WHAT IS BEING ASKED: Since the copy must hold text only, transcribe the data below exactly and omit the images.

DATA SHOWN:
◆ ◆ ◆ ◆ ◆
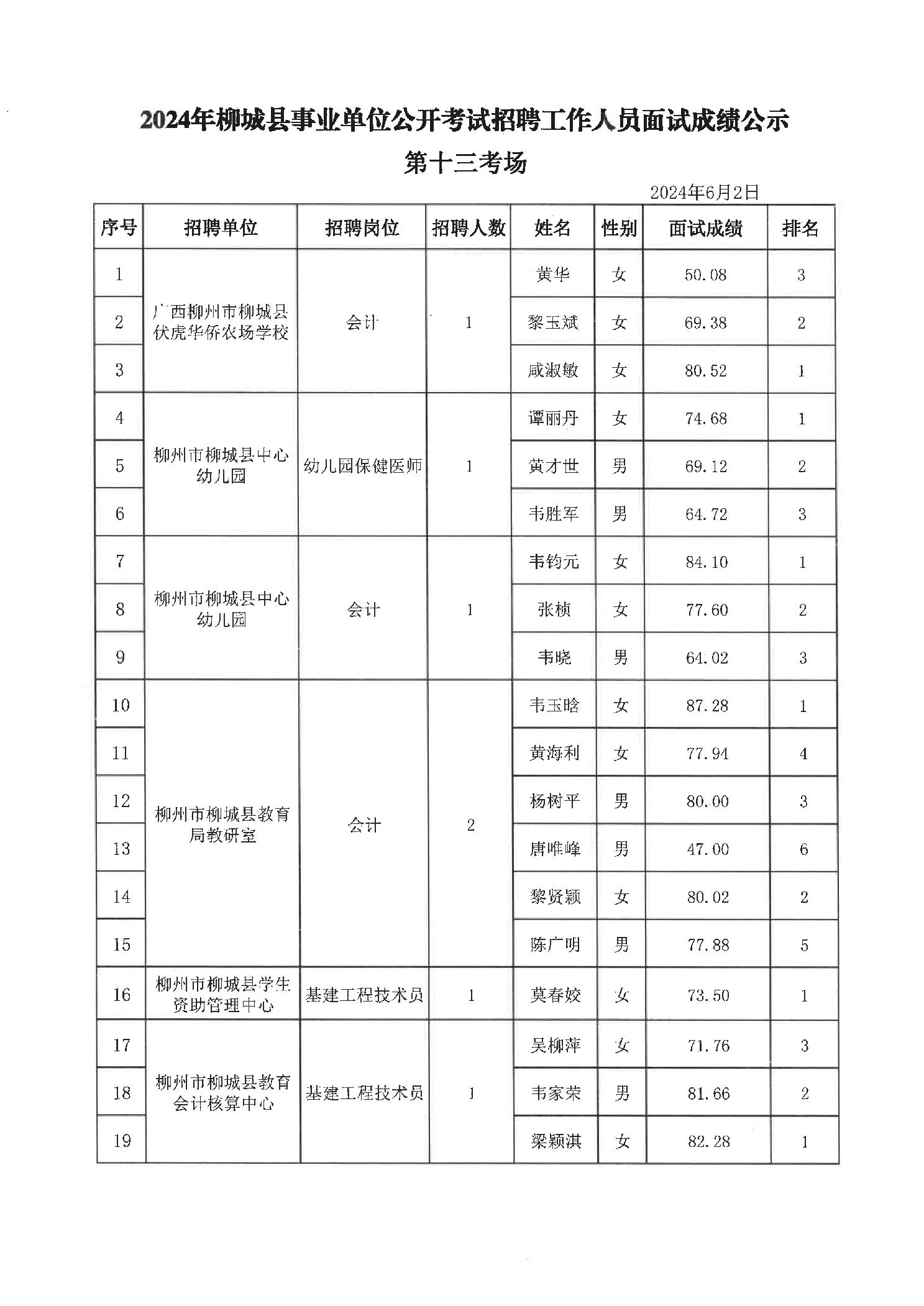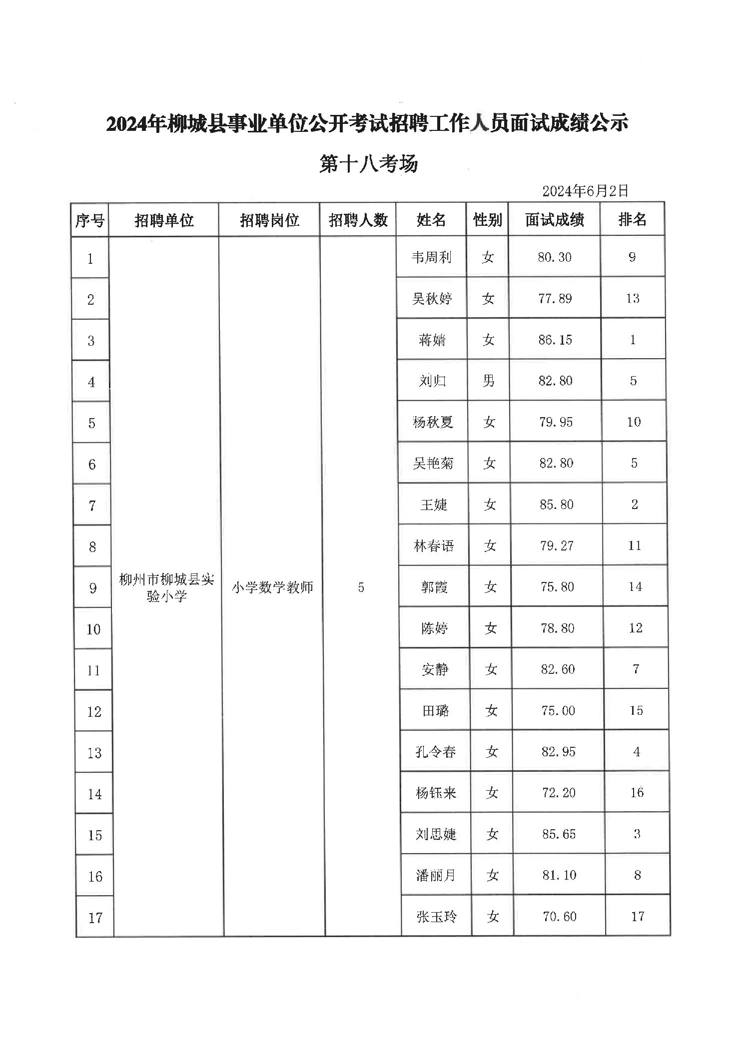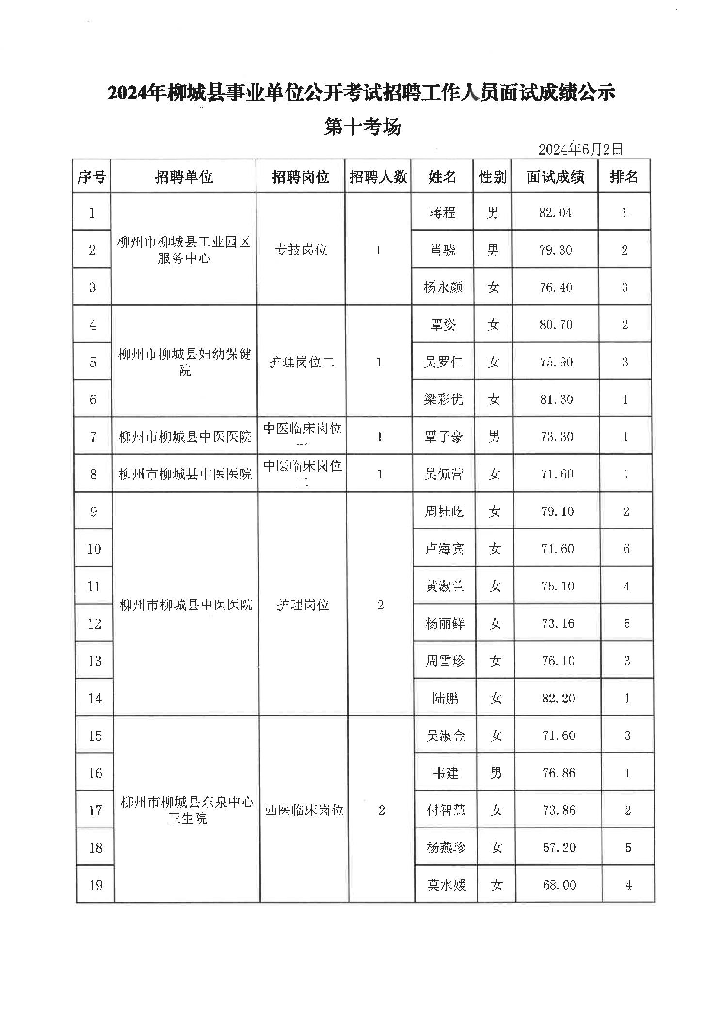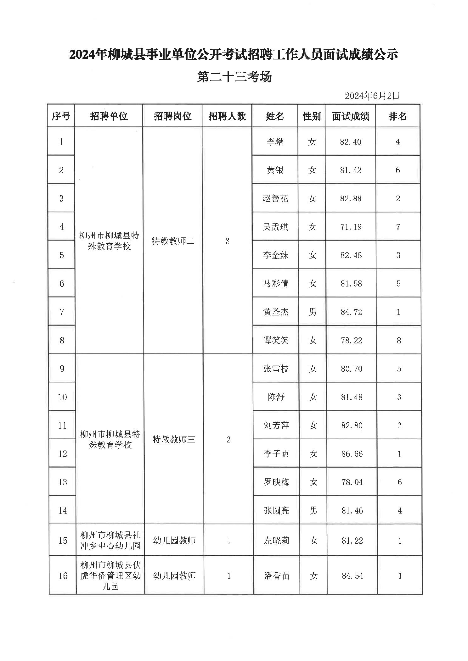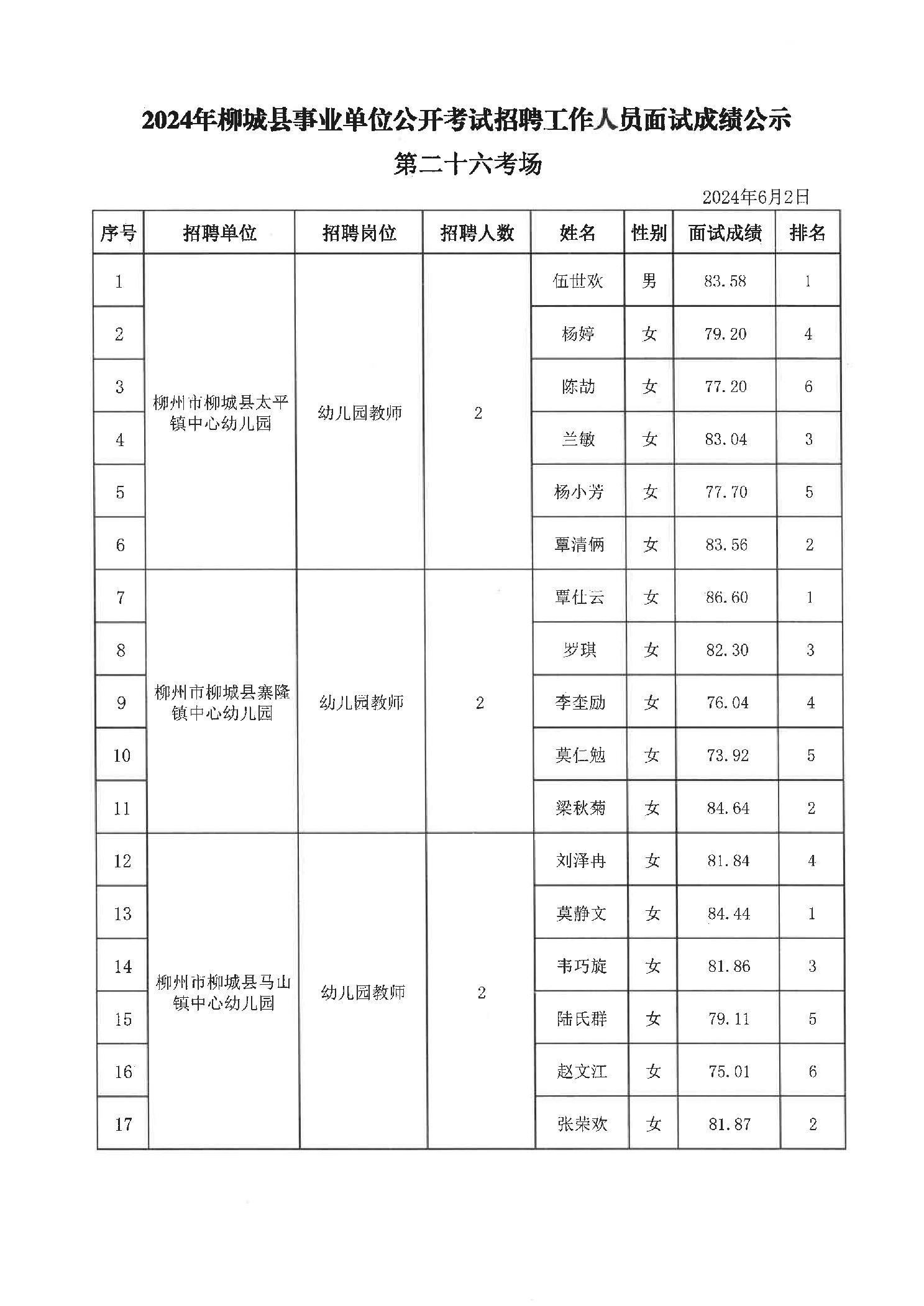 2024年柳城縣事業(yè)單位公開考試招聘工作人員面試成績(jī)公示
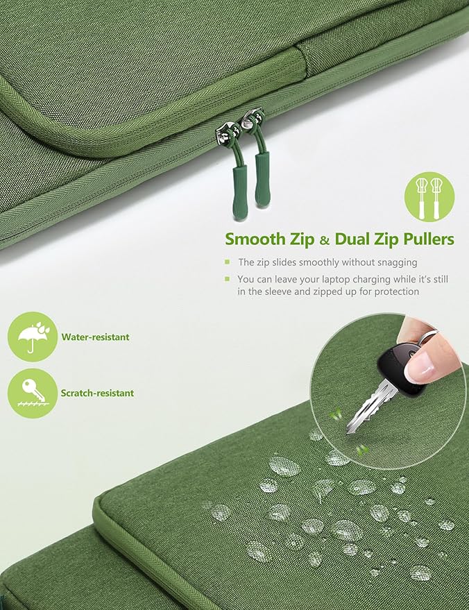 - Superior Multi-Protection: The outermost fabric is water-resistant and wear-resistant, the inner material is 8mm shockproof sponge and soft velvet, with an elasticated fixing strap to hold the laptop in place, perfectly protecting your laptop from spills/scratches/accidental drops. There is also a protective ridge around the perimeter to prevent your laptop from being scratched by zips
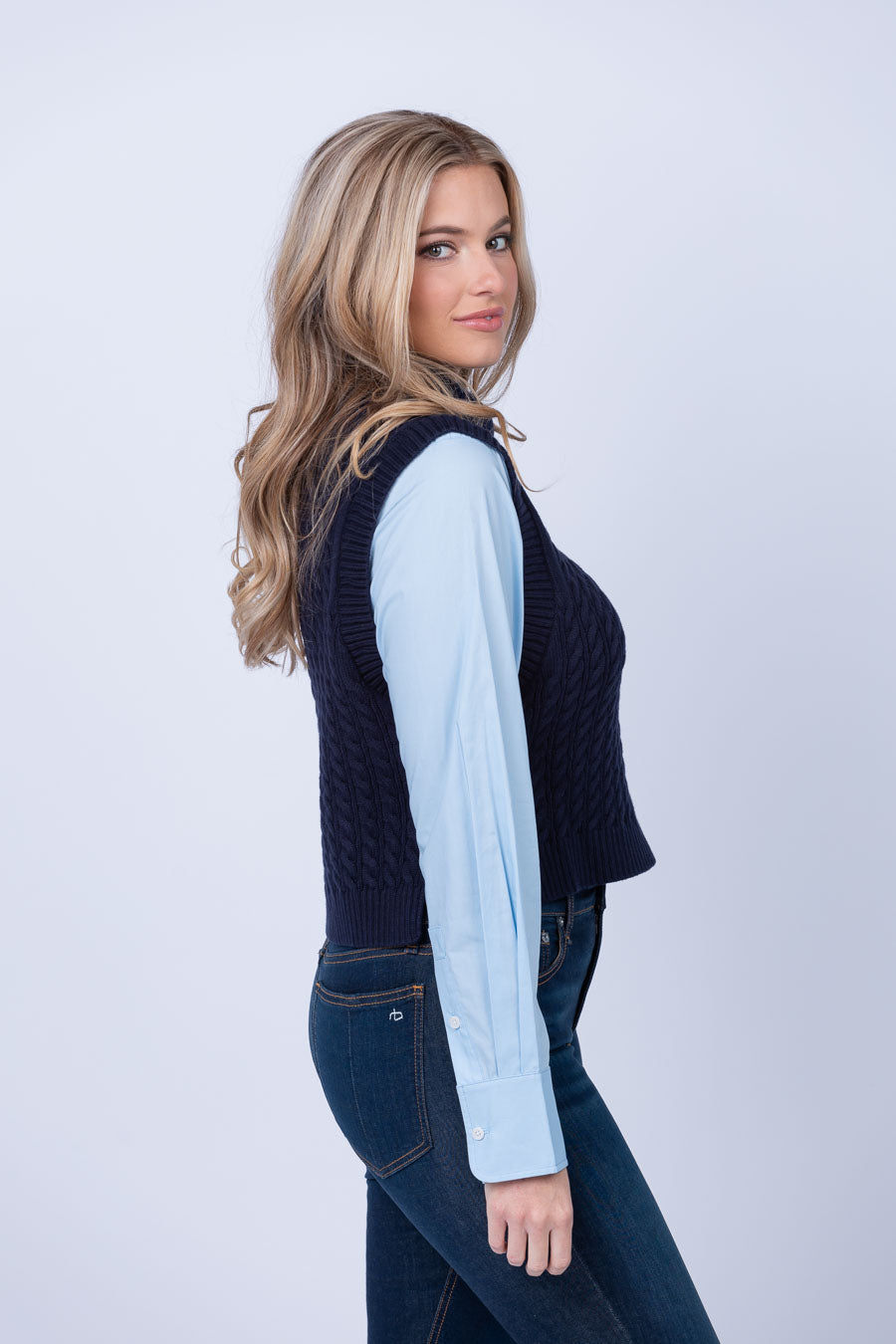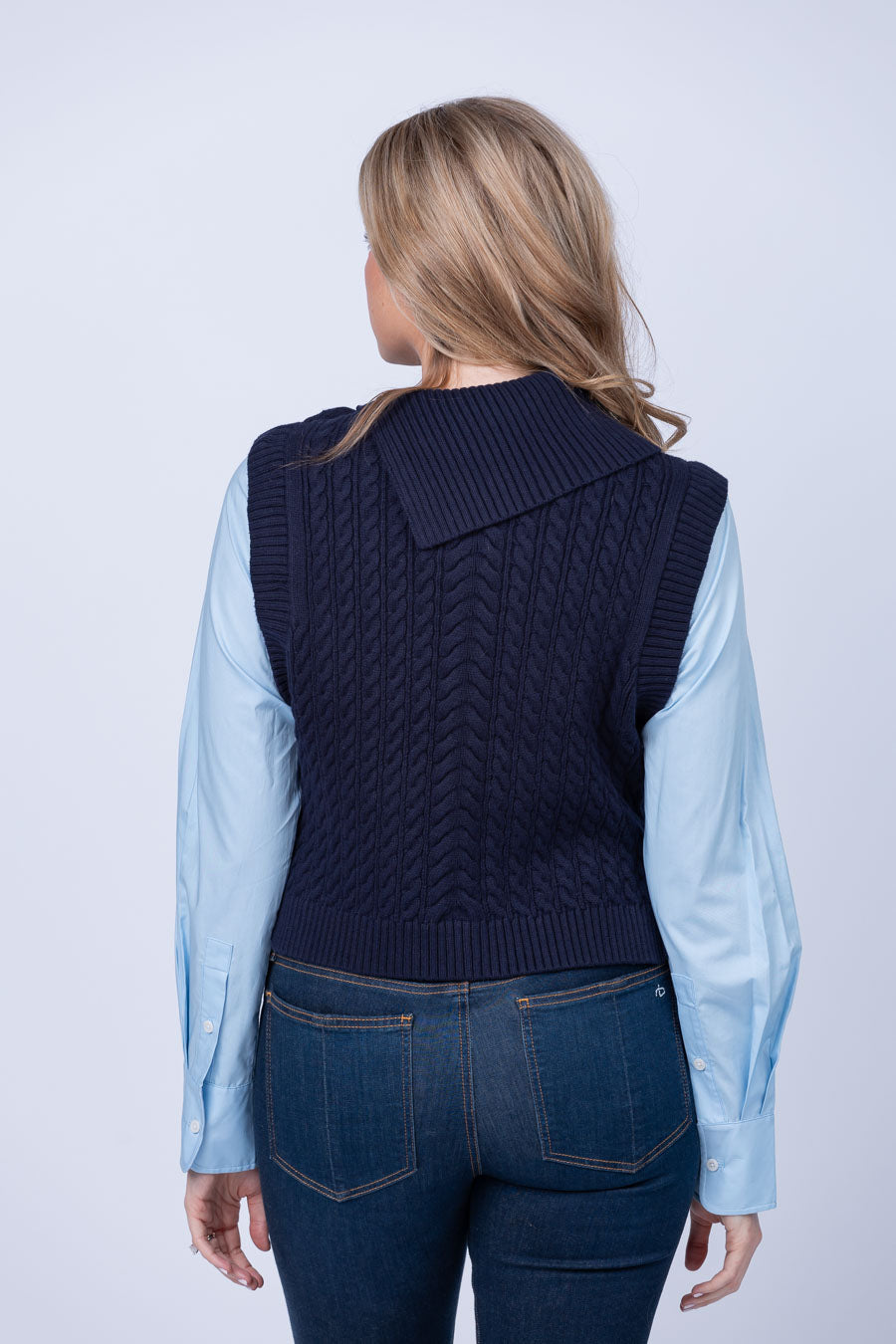 The Simkhai Linnea Top is the perfect way to enliven your wardrobe! The striking Glacier Multi color combines shirting sleeves and a cable-knit body for a unique and stylish look that pairs perfectly with a skort and boots. Make a fashion statement with this eye-catching top!
◆ ◆ ◆ ◆ ◆
PROBLEM SOLUTION:
 2024年柳城縣事業(yè)單位公開考試招聘工作人員面試成績(jī)公示
 - Superior Multi-Protection: The outermost fabric is water-resistant and wear-resistant, the inner material is 8mm shockproof sponge and soft velvet, with an elasticated fixing strap to hold the laptop in place, perfectly protecting your laptop from spills/scratches/accidental drops. There is also a protective ridge around the perimeter to prevent your laptop from being scratched by zips
 The Simkhai Linnea Top is the perfect way to enliven your wardrobe! The striking Glacier Multi color combines shirting sleeves and a cable-knit body for a unique and stylish look that pairs perfectly with a skort and boots. Make a fashion statement with this eye-catching top!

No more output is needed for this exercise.